Amazing research, though when they talk about reaching fusion temperatures, it looks to me like they're talking about modeling the fusion reaction of a Hydrogen Bomb, not creating a safe, clean power source.
They recognize as a side effect that they are refining plasma physics models and if you look at their experimental logs (troll around on their site a little and you'll see it), you can find experiments being run that are definitely designed to measure the physics of fusion temperature plasmas, with the stated goal of developing control algorithms for tokamaks.
ok now onto the <rant type=biased>
Tokamaks are fundamentally stupid ideas for two reasons. First off, ALL of the designs that are currently being discussed for funding and prototyping suffer transmutation of structural members. It takes a huge energy cost to get a tokamak started, and the designs that're being discussed undergo transmutation due to neutron and proton bombardment. Structural elements that are vital to the safe operating of the reactor will have to be replaced on a regular (6-18mo) basis to prevent a failure mode.
Which brings us to the second reason. You've got a big ring of extremely high-temperature, high-pressure, high-charge fluid material. Due to that charge, that ring is going to be fundamentally unstable. They're talking about controlling that with dynamic feedback electromagnet rings. The problem being that there's a stability jumping problem. And at the energies involved, quantum effects are very nearly on the scale necessary to jump to different stability modes.

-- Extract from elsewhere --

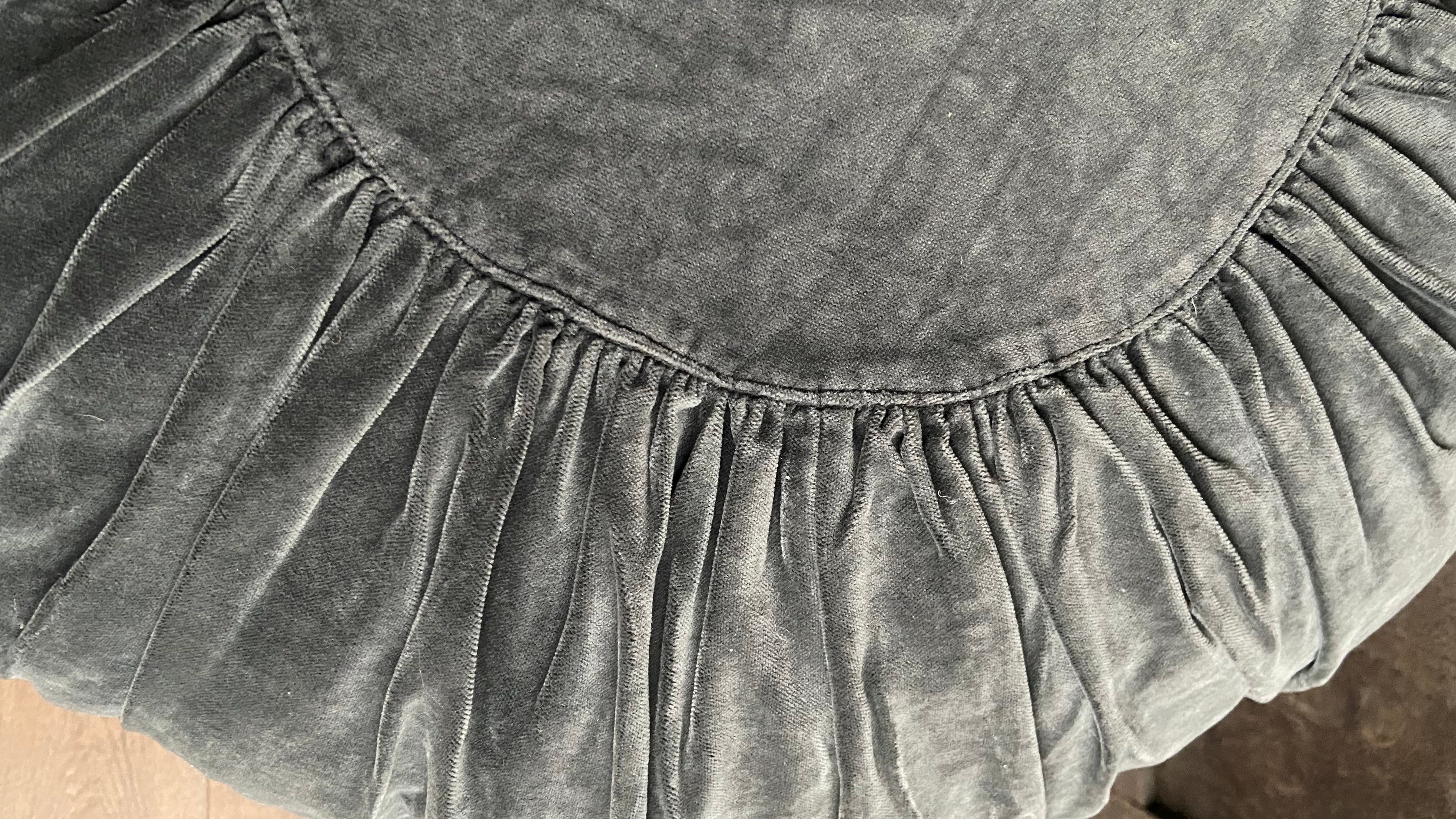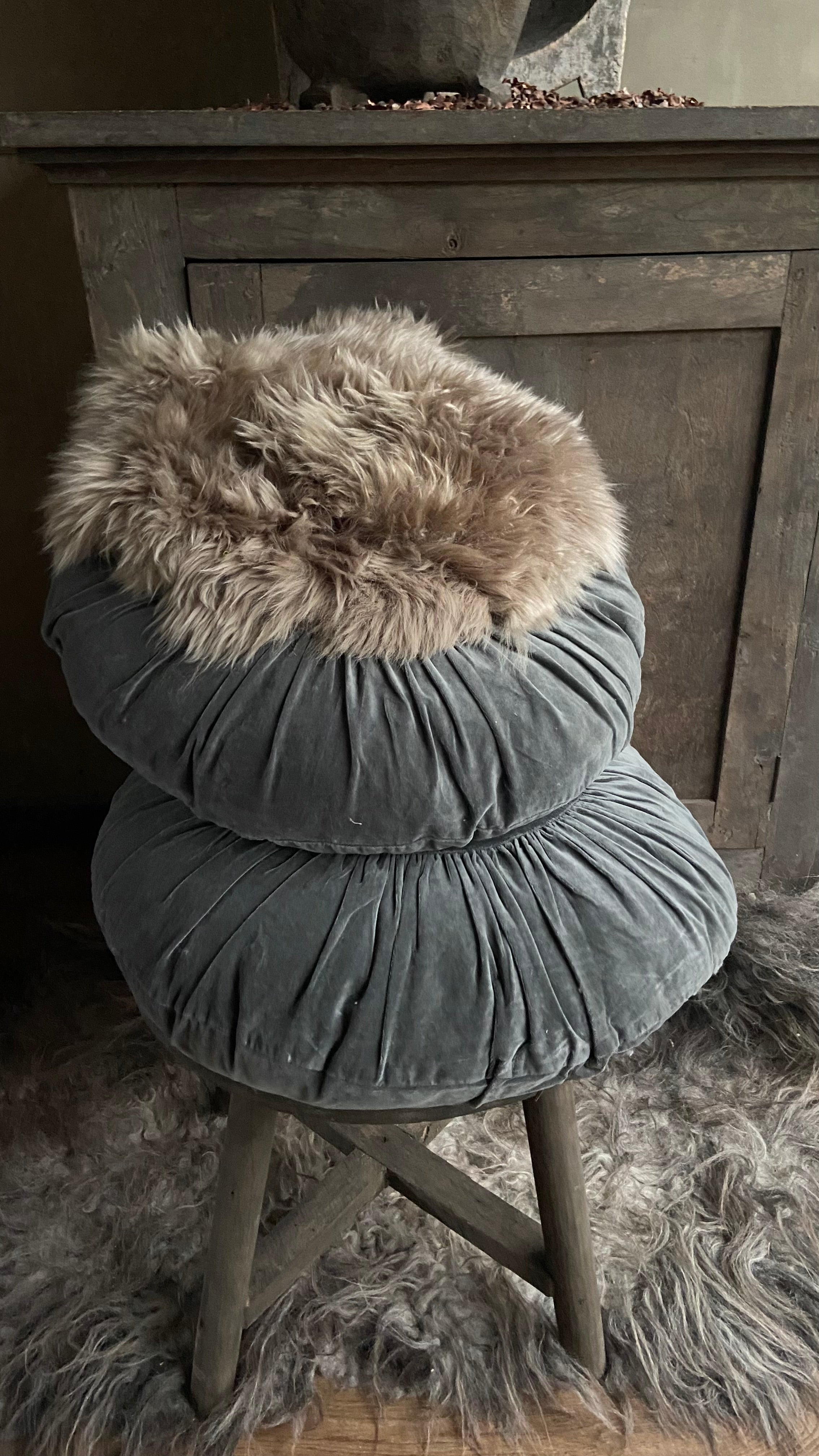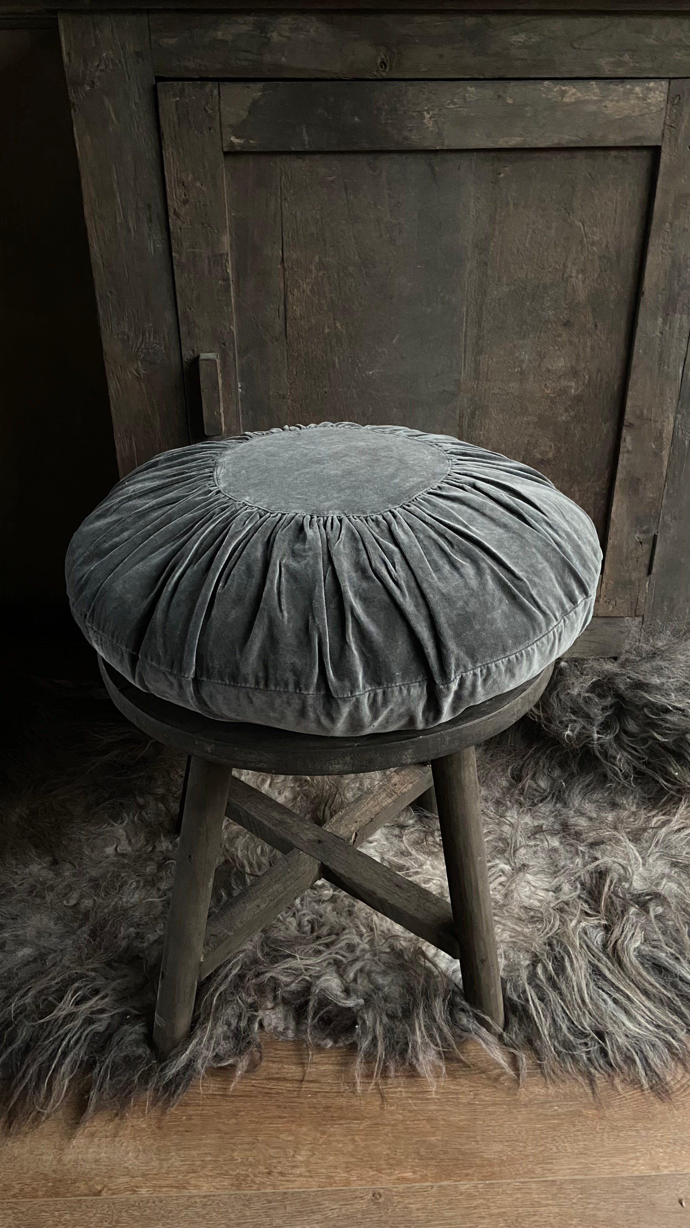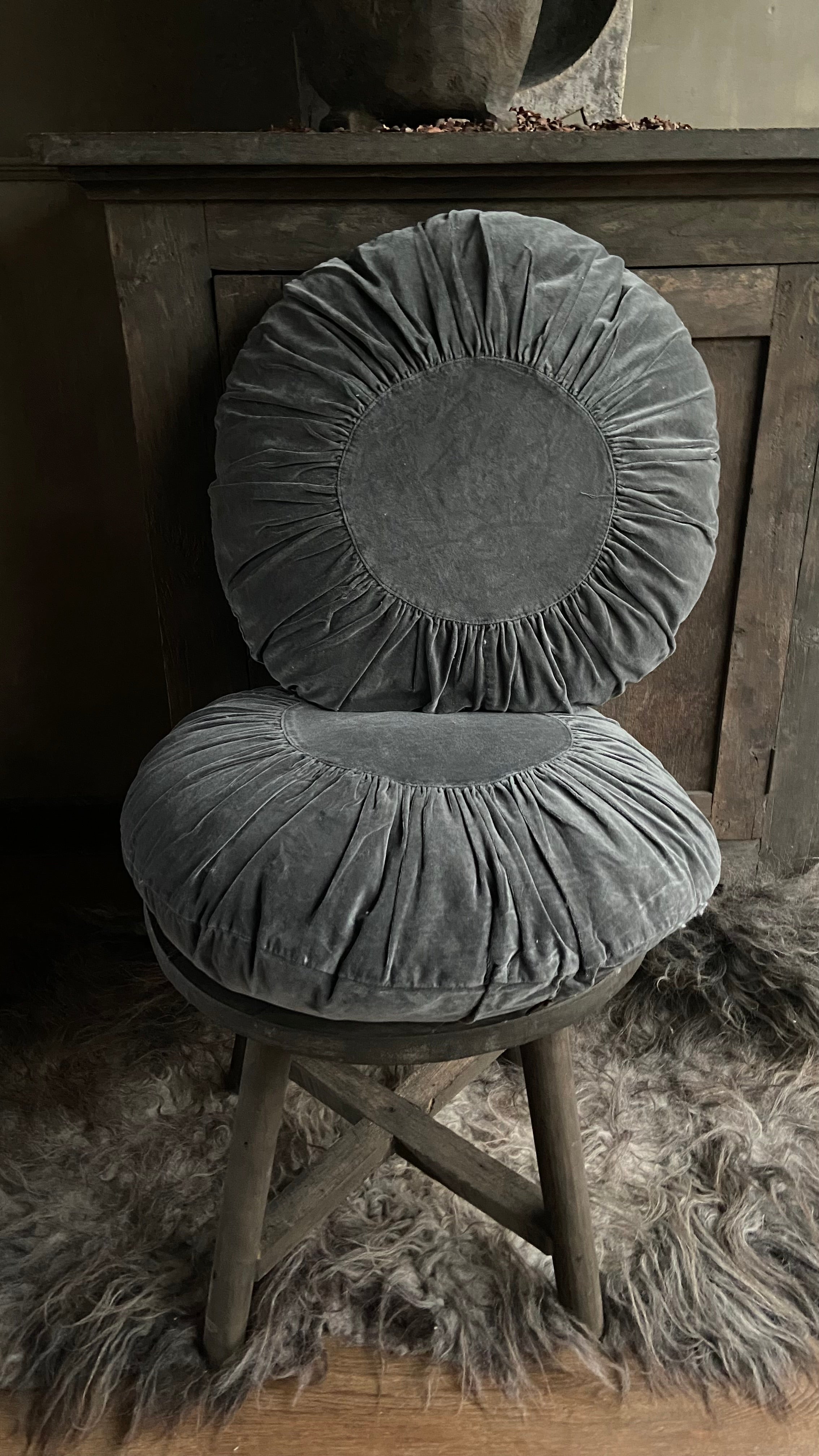 Met een doorsnede van 51 cm en een dikte van 19 cm is dit XL kussen stevig gevuld en aangenaam in gebruik. De diepe grijze kleur combineert mooi met verweerde houttinten en natuurlijke materialen. De ronde vorm en het plooidetail maken het kussen net even anders dan standaard sierkussens.

Of course all the alternative stability modes result in the plasma stream contacting the reactor wall. Which will result in burn-through. I don't think the behaviour will be bomb-like (unlike a fission reactor, this failure mode is self-quenching), but it's still a catastrophic failure mode and probably will spread radioactive material all over the place. Think chernobyl-style quarantine without the explosion at the beginning.
Combine the two and I think you'll see why I say that a tokamak is a fundamentally stupid idea.
</rant>
I am disrespectful to dirt! Can you see that I am serious?!